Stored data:

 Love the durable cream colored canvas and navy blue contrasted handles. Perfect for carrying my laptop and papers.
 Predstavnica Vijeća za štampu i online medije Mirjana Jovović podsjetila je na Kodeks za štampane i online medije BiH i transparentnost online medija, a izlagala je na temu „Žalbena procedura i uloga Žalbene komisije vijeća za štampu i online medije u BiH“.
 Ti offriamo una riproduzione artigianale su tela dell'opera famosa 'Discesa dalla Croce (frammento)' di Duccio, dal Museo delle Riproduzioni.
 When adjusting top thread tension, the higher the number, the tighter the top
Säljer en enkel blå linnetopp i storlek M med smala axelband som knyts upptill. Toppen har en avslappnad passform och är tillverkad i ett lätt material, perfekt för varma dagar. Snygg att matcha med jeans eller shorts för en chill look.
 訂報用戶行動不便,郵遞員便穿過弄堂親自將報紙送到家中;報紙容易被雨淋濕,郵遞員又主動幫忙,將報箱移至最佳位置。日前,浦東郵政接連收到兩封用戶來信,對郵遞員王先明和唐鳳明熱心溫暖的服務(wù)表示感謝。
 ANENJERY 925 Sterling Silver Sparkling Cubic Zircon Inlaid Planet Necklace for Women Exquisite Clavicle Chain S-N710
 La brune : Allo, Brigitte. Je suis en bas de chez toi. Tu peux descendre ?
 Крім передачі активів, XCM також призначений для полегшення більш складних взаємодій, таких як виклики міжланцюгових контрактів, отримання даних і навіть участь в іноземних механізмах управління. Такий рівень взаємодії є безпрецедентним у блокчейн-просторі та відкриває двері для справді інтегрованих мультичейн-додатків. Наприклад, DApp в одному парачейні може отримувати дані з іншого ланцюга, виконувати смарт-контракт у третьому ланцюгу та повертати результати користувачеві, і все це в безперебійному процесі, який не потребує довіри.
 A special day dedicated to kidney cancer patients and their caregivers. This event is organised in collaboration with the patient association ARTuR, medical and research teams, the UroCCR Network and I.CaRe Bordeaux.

Task item
Write down only the closing run of lines: the one containing "訂報用戶行動不便,郵遞員便穿" and every line after it to the end of the entries, exactly.

Exercise solution
 訂報用戶行動不便,郵遞員便穿過弄堂親自將報紙送到家中;報紙容易被雨淋濕,郵遞員又主動幫忙,將報箱移至最佳位置。日前,浦東郵政接連收到兩封用戶來信,對郵遞員王先明和唐鳳明熱心溫暖的服務(wù)表示感謝。
 ANENJERY 925 Sterling Silver Sparkling Cubic Zircon Inlaid Planet Necklace for Women Exquisite Clavicle Chain S-N710
 La brune : Allo, Brigitte. Je suis en bas de chez toi. Tu peux descendre ?
 Крім передачі активів, XCM також призначений для полегшення більш складних взаємодій, таких як виклики міжланцюгових контрактів, отримання даних і навіть участь в іноземних механізмах управління. Такий рівень взаємодії є безпрецедентним у блокчейн-просторі та відкриває двері для справді інтегрованих мультичейн-додатків. Наприклад, DApp в одному парачейні може отримувати дані з іншого ланцюга, виконувати смарт-контракт у третьому ланцюгу та повертати результати користувачеві, і все це в безперебійному процесі, який не потребує довіри.
 A special day dedicated to kidney cancer patients and their caregivers. This event is organised in collaboration with the patient association ARTuR, medical and research teams, the UroCCR Network and I.CaRe Bordeaux.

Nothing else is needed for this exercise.